Post

Franklyn Wang

@franklyn_wang

Nov 18 • 14 tweets • 4 min read • Read on X

Doubling o1-preview performance on ARC-AGI with one simple trick 🚀

tldr: by providing human-like representations to o1, we are able to substantially increase performance on @arcprize.

AI is really smart; its scores on math contests are no joke. But ARC Prize should be much easier than math contests, and yet frontier models generally do not score very well.

This is mainly because frontier models cannot really “see” the grid; imagine a genius trying to do ARC Prize with their eyes closed -- seems unlikely to bear fruit!

ARC Prize problems are not strictly well-posed -- there are many patterns that take every input to output, but only one mapping is evident to people.

You might ask, how do we get the representations?
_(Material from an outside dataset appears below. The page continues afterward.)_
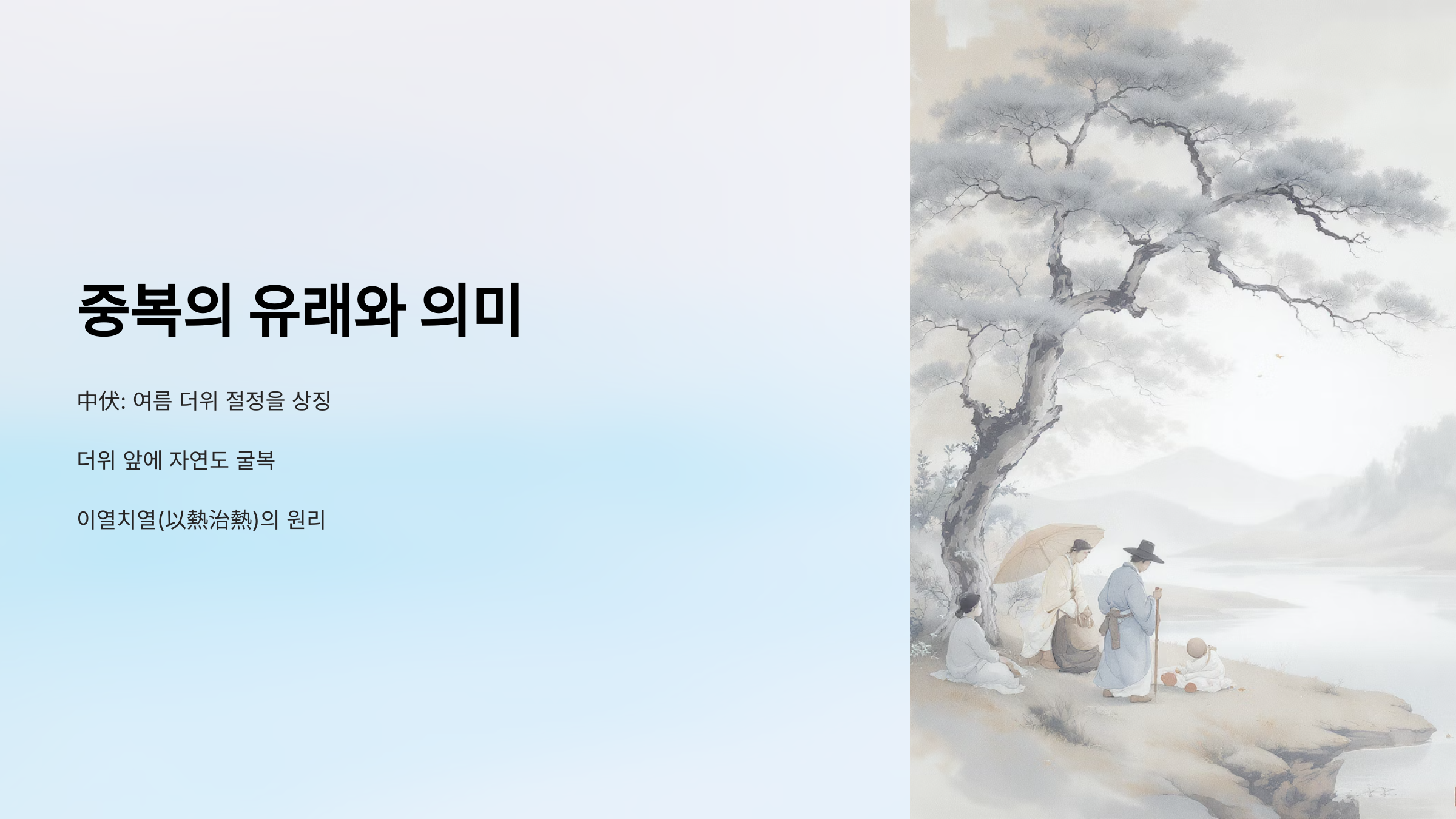 ‘중복’은 한자로 ‘가운데 중(中)’과 ‘엎드릴 복(伏)’을 써서, 여름 더위가 절정에 이르렀음을 상징합니다.

Do we use tree diffusion or autoencoding? The answer is no! We use an extensive set of handwritten heuristics to capture patterns that are salient to people.

For example, here's a simple case -- the algorithm recognizes the shape being re-colored.

We also show a more complicated example -- note our ability to handle augmentations!

We can even handle occlusions!

Because our method essentially represents each grid as an abstract syntax tree, we call our method Pattern Extraction and Abstraction for Cognitive Heuristics (PEACH) -- as peaches grow on trees, unlike other "reasoning" fruits.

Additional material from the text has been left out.